I argue that the main reason for stagnation in research on the structure of personality is the reliance on Thurstone’s outdated method of factor analysis. Just like Thurstone’s multi-factor method was an important methodological contribution that replaced Spearman’s single-factor method, Jöreskog (1969) developed confirmatory factor analysis that addresses several limitations in Thurstone’s method. Neither Ashton and Lee nor any of the commentators suggested the use of CFA to test empirically whether pro-social traits are represented by one general or two broad traits.

There are several reasons why personality psychologists have resisted the use of CFA to study personality structure. Some of these reasons were explicitly states by McCrae, Zonderman, Costa, Bond, and Paunonen (1996).

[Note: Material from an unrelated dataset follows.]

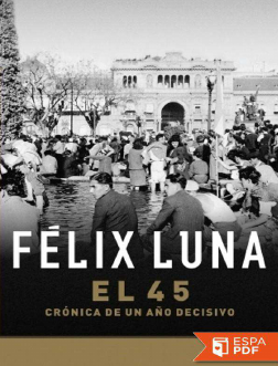 ¿Por qué el 45? Porque fue un año decisivo, en cuyo transcurso se determinó el sentido que tendría la próxima década argentina. Y no solamente porque el entonces coronel Perón haya llegado al poder e iniciado su hegemonía, sino porque el país entero decidió entonces adquirir un determinado estilo político y asumir una determinada conciencia. Ciertos valores cayeron para siempre y otros quedaron afirmados, también para siempre, en 1945. Probablemente no haya año alguno del siglo XX que señale una transición nacional con caracteres tan claros y netos. Además, el 45 estuvo lleno de hechos singulares, quizás irrepetibles, que adquirieron una fecunda perspectiva histórica en la medida que se los analice tratando de llegar al fondo del asunto. Félix Luna reconstruyó en este libro la insólita y apasionante experiencia política que derivó en la clausura del tradicional régimen de partidos y abrió paso a una nueva perspectiva histórica. El 45 es por su amenidad y su fundamentación documental un clásico de la literatura política argentina. Félix Luna El 45 Crónica de un año decisivo ePub r1.0 Ariblack 28.11.14 Título original: El 45 Félix Luna, 1968 Diseñode cubierta: Diseñador Editor digital: Ariblack ePub base r1.2 A Florencia, porque alguna vez me preguntará cómo fue todo aquello. EXPLICACIÓN ¿Por qué el 45? Por dos órdenes de razones. En primer lugar, porque 1945 fue un año decisivo, en cuyo transcurso se determinó el sentido que tendría la próxima década argentina. Y no solamente porque Perón haya llegado al poder e iniciado su hegemonía, sino porque el país entero decidió entonces adquirir un determinado estilo político y asumir una determinada conciencia. Ciertos valores cayeron para siempre y ciertos valores quedaron afirmados, también para siempre, en 1945. Probablemente no haya año alguno, en el último medio siglo, que señale una transición nacional con caracteres tan claros y netos. Además, 1945 estuvo lleno de hechos singulares, quizás irrepetibles, que adquieren una fecunda perspectiva histórica en la medida que se los analice tratando de llegar al fondo del asunto. Son estos hechos los que hay que extraer del fárrago de una historia casi olvidada o (peor aún) deformada por recuerdos personales limitados o comprometidos. En los últimos años se ha escrito un buen número de ensayos sobre el peronismo y sus orígenes pero se ha omitido la etapa previa, consistente en la exposición de los hechos concretos: aquellos que deben ser la sustancia de las eventuales interpretaciones y que en estas páginas intentaremos reconstruir. Desde un punto de vista puramente objetivo, 1945 es un año, pues, que merece un estudio detenido. Pero hay también razones personales que me han llevado a regresar a un cuarto de siglo atrás. En 1945, mucha gente joven —yo también — fue catapultada hacia la política. Ese año, con su tensión emocional, con la presentación directa de un rostro nuevo de la Nación, nos marcó para siempre con el signo de la preocupación política y su trajinar. Fue para muchos un tiempo inaugural, inolvidable, cargado de motivaciones, de fervor y ansiedad. Esto ocurrió a la mayoría de los argentinos de los dos bandos, pero muy especialmente a los más jóvenes. A los que hoy —como me sucede a mí— vuelven su espíritu a aquel año y con un poco de melancolía evocan esas jornadas exaltadas y gritonas, populosas y conversadas, añorando su magia y hasta sus equivocaciones. En cierto sentido éste es un libro de memorias. Pero no individual (mis recuerdos personales son insignificantes) sino de memoria colectiva. Lo cual exige una actitud mental que tiende a superar los enfrentamientos que entonces protagonizamos para tratar de asumir la comprensión posible de las razones y sinrazones de cada bando. Esta actitud mental, adoptada retrospectivamente, me ayuda a entender lo que en el 45 no entendí y me permite revivir esas jornadas de una manera más amplia y generosa. En alguna medida es recuperar el pasado ennobleciéndolo. No deformándolo ni idealizándolo sino haciendo un esfuerzo para rescatar lo que hubo de legítimo y auténtico en las dos maneras de concebir el país que ese año se confrontaron. Los pueblos pueden perecer por muchas causas. Pero acaso la más trágica de todas es la división que en algún momento incomunica totalmente a la comunidad. Y la división puede nacer tanto de los enfrentamientos presentes como del recuerdo que se tiene de los enfrentamientos pasados. En 1945 la división de los argentinos fue abrupta y la incomunicación de los dos frentes de lucha tuvo características totales. A casi un cuarto de siglo —y ésta es la tercera justificación de este libro— es conveniente intentar una crónica que establezca si el recuerdo del 45 puede contribuir a unir a los argentinos, en el reconocimiento de errores recíprocos y afinidades ocultas que en ese momento no pudieron expresarse pero que acaso ahora se puedan certificar. Con estas intenciones retorno a esa época y me miro y miro a mi país a través de una larga bruma. Nosotros éramos todos parecidos. Buscábamos desesperadamente la verdad y la justicia y éramos simples, puros, rigurosos… El tiempo y sus mudanzas ha convertido la simpleza en complejidad, la pureza en complicidad y el rigor en un abanico de matices: pero hemos seguido persiguiendo la verdad y la justicia. Y esa terquedad — me parece— nos ha salvado de caer en las cosas peores. Por eso se puede dedicar este libro a quienes, como Florencia, viven en la condición rigurosa, simple y pura de la niñez. Agosto de 1971 PRÓLOGO HACIA EL AÑO DECISIVO I El 1º de enero de 1945 los diarios traían en sus primeras páginas las noticias de la guerra, como lo venían haciendo desde cinco años y medio atrás. Ese día anunciaban que proseguía el avance de los ejércitos aliados en Bélgica y Luxemburgo y que las tropas soviéticas estaban ocupando barrio

1. “In this article we argue that maximum likelihood confirmatory factor analysis (CFA), as it has typically been applied in investigating personality structure, is systematically flawed” (p. 552).

2. “The CFA technique may be inappropriately applied” (p. 553)

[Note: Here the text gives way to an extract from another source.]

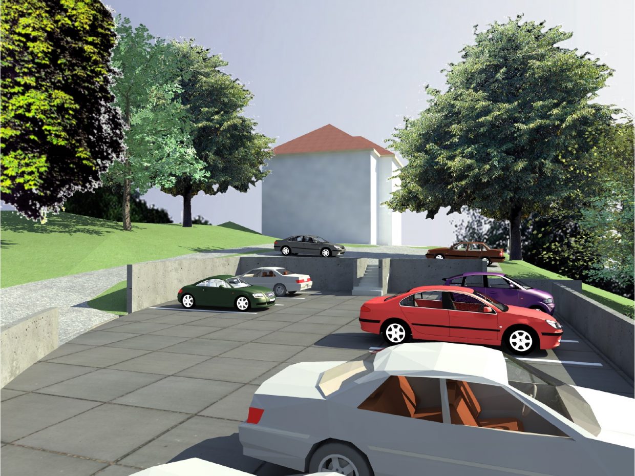 prostory pro školení a přednáškovou činnost, drobné vodní plochy, pěší komunikace, cyklostezky, parkovací plochy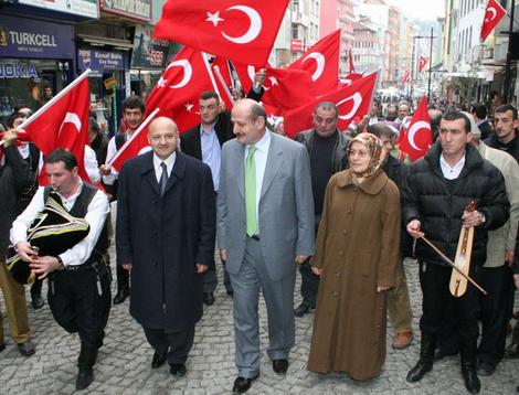 Etkinlikler için trafiğe kapatılan ve Türk bayraklarıyla süslenen Atatürk Caddesi'nde, halk oyunları ekipleri gösteri sundu. Milletvekili Çırakoğlu ve Belediye Başkanı Bakırcı da sokak lambası direğine çıkarak Türk bayrağı astı.

3. “CFA techniques are best suited to the analysis of simple structure models” (p. 553)

4. “Even proponents of CFA acknowledge a long list of problems with the technique, ranging from technical difficulties in estimation of some models to the cost in time and effort involved.”

5. The major advantage claimed for CFA is its ability to provide statistical tests of the fit of empirical data to different theoretical models. Yet it has been known for years that the chi-square test on which most measures of fit are based is problematic”

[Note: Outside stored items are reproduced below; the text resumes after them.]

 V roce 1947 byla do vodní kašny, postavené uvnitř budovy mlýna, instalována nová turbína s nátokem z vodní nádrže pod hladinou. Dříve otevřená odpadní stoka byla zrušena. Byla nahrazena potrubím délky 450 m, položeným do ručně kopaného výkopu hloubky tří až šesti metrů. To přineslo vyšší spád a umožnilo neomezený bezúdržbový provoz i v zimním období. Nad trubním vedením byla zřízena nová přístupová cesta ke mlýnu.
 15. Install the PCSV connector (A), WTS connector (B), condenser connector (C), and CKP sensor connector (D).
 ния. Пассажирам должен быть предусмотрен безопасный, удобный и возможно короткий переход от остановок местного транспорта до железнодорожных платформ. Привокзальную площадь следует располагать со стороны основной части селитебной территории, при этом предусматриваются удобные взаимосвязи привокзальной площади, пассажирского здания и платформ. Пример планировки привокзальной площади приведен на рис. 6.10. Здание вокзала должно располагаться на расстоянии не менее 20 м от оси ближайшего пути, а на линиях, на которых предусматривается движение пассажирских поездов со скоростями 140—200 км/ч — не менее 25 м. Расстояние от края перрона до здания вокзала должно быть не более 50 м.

6. A variety of alternative measures of goodness-of-fit have been suggested, but their interpretation and relative merits are not yet clear, and they do not yield tests of statistical

7. Data showing that chisquare tests lead to overextraction in this sense call into question
the appropriateness of those tests in both exploratory and confirmatory maximum likelihood models. For example, in the present study the largest single problem was a residual correlation between NEO-PI-R facet scales E4: Activity and C4: Achievement Striving. It would be possible to specify a correlated error term between these two scales, but the interpretation of such a term is unclear. Correlated error usually refers to a nonsubstantive source of variance. If Activity and Achievement Striving were, say, observer ratings, whereas all other variables were self-reports, it would make sense to control for this difference in method by introducing a correlated error term. But there are no obvious sources of correlated error among the NEO-PI-R
facet scales in the present study.

8, With increasing familiarity of the technique and the availability of convenient computer programs (e.g., Bentler, 1989; Joreskog & Sorbom, 1993), it is likely that many more researchers will conduct CFA analyses in the future. It is therefore essential to point out the dangers in an uncritical adoption and simplistic application of CFA techniques (cf. Breckler, 1990).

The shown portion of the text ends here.